Exercise 1 hints¶
Add below some tips for working on Exercise 1 if needed.
Check of what type an object is¶
The isinstance(actual_object, variable_type)
function is a Python builtin function that will answer your question,
if the actual_object
is of the variable typpe variable_type
. Basic types are for example:
- str: String
- int: Integer number
- float: Floating point numbers
- list: List of thing aka [ ] brackety things
- dict: Dictionaries, Python versatile data structures, based on associative lists and objects, where you address via named fields (see Python recap lecture )
An example:
In [1]: a_string_var = "I am a string"
In [2]: an_int_var = 42
In [3]: a_float_var = 3.5
In [4]: a_boolean_true_false_var = True
In [5]: is_string = isinstance(a_string_var, str)
In [6]: print(is_string)
True
In [7]: is_int = isinstance(an_int_var, int)
In [8]: print(is_int)
True
In [9]: is_float = isinstance(a_float_var, float)
In [10]: print(is_float)
True
In [11]: true_or_false = isinstance(a_float_var, str)

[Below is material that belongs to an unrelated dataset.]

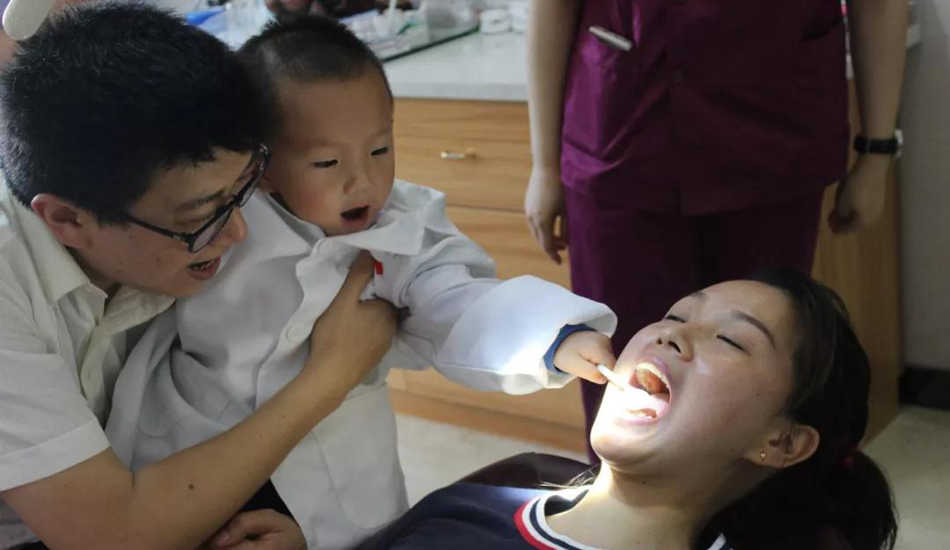 小小牙医体验环节,小朋友们穿上了小牙医工作服,开始给自己的爸爸妈妈以及其他小朋友做口腔检查。在力名齿科范医生的指导下,小朋友们的专业知识更强了,检查起来都像模像样的。在体验过程中,范医生也给小朋友的牙齿做了全面的检查。

In [12]: print(true_or_false)
False
Control flow for checks with if
and else
¶
If you want to make a “left” or “right” decision, you can use Python’s if then construct. For that you need to check a condition (or a fact) if it’s true or false. If it’s true, go only through the first block, if it’s false, go only through the else block.
initial_demo_output = 0
if 3 > 2:
print("3 is larger than 2")
initial_demo_output = 3
else:
print("3 not larger than 2")
initial_demo_output = 2
# guess the final value of ``initial_demo_output`` ?

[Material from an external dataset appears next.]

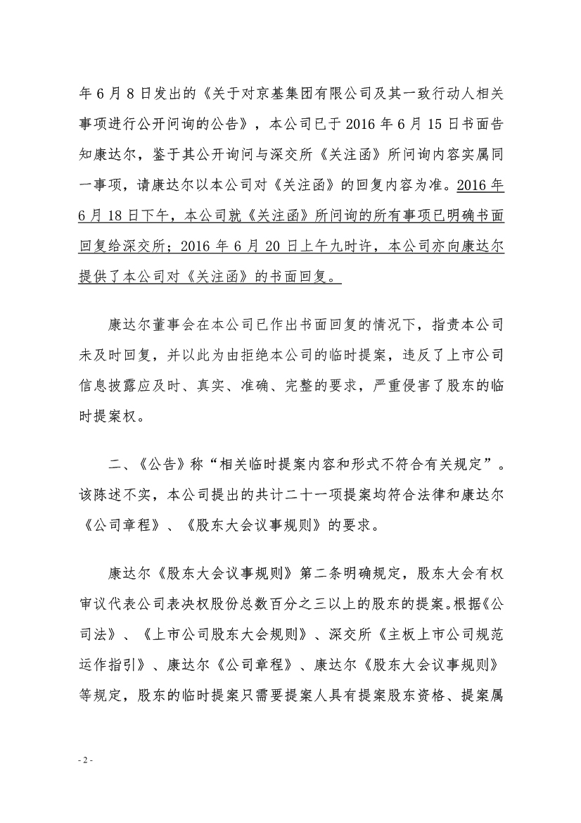 一、《公告》称“截至2016年6月15日,京基集团尚未就公司和深圳证券交易所要求回复的事项进行及时的回复”。该陈述不实,本公司就相关事项已按要求回复深圳证券交易所(以下简称“深交所”)及康达尔。

print(initial_demo_output)
For more details and practice, see Python recap lecture
Reading a CSV file into Pandas¶
With Python it is basically possible to read data from any kind of input datafile (such as csv-, txt-, etc). The widely used library Pandas can easily read a file with tabular data and present it to us as a so called dataframe:
In [13]: import pandas as pd
# make sure you have the correct path to your working file, ideally in the same folder
In [14]: df = pd.read_csv('source/_static/data/L1/global-city-population-estimates.csv', sep=';', encoding='latin1')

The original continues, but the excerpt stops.